Dr. Jaron’s major research contributions have been in development of models to study cardiovascular dynamics and the interaction of mechanical cardiac assist devices with the cardiovascular system. He pioneered the application of engineering techniques to the study of the control of cardiac assist devices and led the engineering development of the intraaortic balloon pump system -- the first successful in-series left ventricular assist device to be applied clinically. By integrating engineering techniques, mathematical approaches and physiological information, his research led to an improved understanding of the control system characteristics of cardiac assist devices and to the development of improved techniques that maximize effectiveness of cardiac mechanical support systems. He has also worked extensively on modeling of gas transport in the microcirculation and on modeling, development and assessment of protection techniques for pilots subjected to high acceleration stress. Dr. Jaron's research has resulted in more than 140 articles in archival journals, conference proceedings and book chapters, and more than 60 abstracts. 

In addition to his research activities, Dr. Jaron has made extensive contributions to the development of the bioengineering profession worldwide through his extensive professional activities and service with the government. As Director of the Biological and Critical Systems Division at NSF he led in the creation of the new Division of Bioengineering and Environmental Systems and significantly increased funding for bioengineering research. At NIH he was a major driving force within the NIH Bioengineering Consortium (BECON). His many efforts at the agency culminated in the trans-NIH symposium titled: “Bioengineering: Building The Future of Biology and Medicine” which he co-chaired. The symposium, for which he received the NIH Director’s Award, has been hailed by the engineering research community and by the NIH as a watershed for the agency and for the field of Bioengineering. This and his other accomplishments at NIH helped to affirm the importance and the critical role of engineering to the solution of basic and applied research problems in biomedicine.

In 1986 and 1987 Dr. Jaron served as President of the Engineering in Medicine and Biology Society. He was a member of the board of The American Institute of Medical and Biological Engineering (AIMBE) and as a member of the Administration Council of The International Federation for Medical and Biological Engineering (IFMBE). In 1997 he became president-elect of IFMBE. He assumed the presidency of the organization in July, 2000 and served in this capacity until 2003. From 2003 to 2006 he served as Vice President of the International Union for Physical and Engineering Sciences in Medicine. In 2008 he was elected to the Executive Board of the International Council for Science (ICSU).

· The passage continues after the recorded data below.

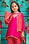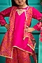 Featuring a rani pink kurta for girls in silk and bandhej kota fabric base, including an attached dupatta. It is paired with palazzo pants. Accentuate it with cute hair clips, comfy sandals and a tiny sling bag for a festive occasion or wedding ceremony.
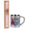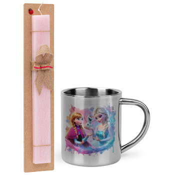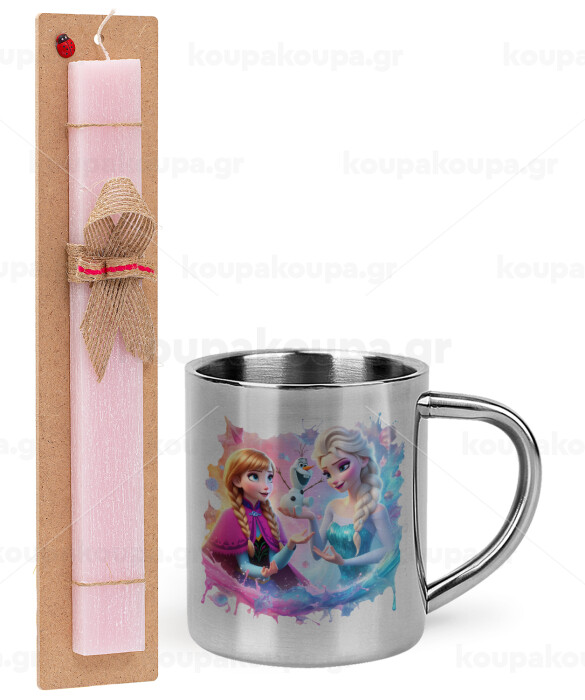 Elsa & Anna Princess, Easter Set, metallic thermal cup (300ml) & aromatic flat Easter candle (30cm) (PINK)
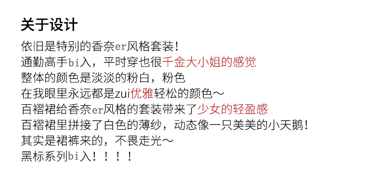黑标樱花粉梨花白香nai儿风格百褶裙套装
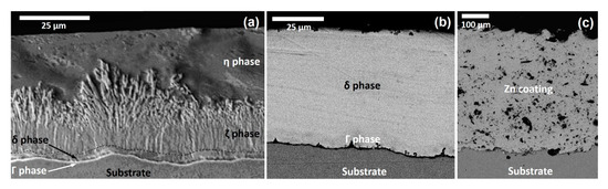 SEM micrograph of the cross section of the coatings deposited by hot-dip galvanizing (a), pack cementation (b) and thermal spray (c).
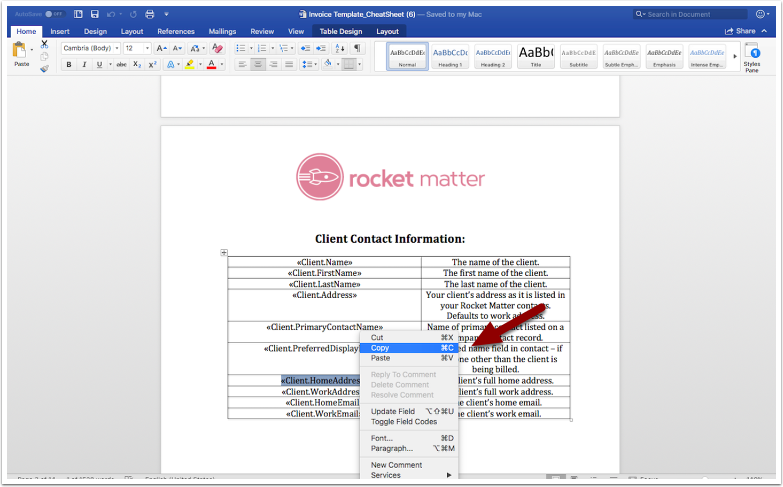 8. After pasting the merge field, 'right-click' the clipboard icon and click on 'Match Destination Formatting'.

Dr. Jaron is a Fellow of the IEEE, the AAAS, the Academy of Surgical Research, and the American Institute of Medical and Biological Engineering. He is a permanent member of the World Academy for Biomedical Technology.

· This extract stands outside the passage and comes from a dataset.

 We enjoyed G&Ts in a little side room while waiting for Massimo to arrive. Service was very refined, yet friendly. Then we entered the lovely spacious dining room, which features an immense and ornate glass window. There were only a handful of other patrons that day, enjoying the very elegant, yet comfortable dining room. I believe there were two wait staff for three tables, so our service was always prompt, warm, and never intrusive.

Dr. Jaron is a member of the IEEE, the Engineering in Medicine and Biology Society of the IEEE, The ASEE, Tau Beta Pi, Eta Kappa Nu, Sigma Xi, the New York Academy of Sciences, the Biomedical Engineering Society, the American Society for Artificial Internal Organs, the International Society for Artificial Organs, the AAAS, the Aerospace Medical Association, and the Cardiovascular Dynamics Society.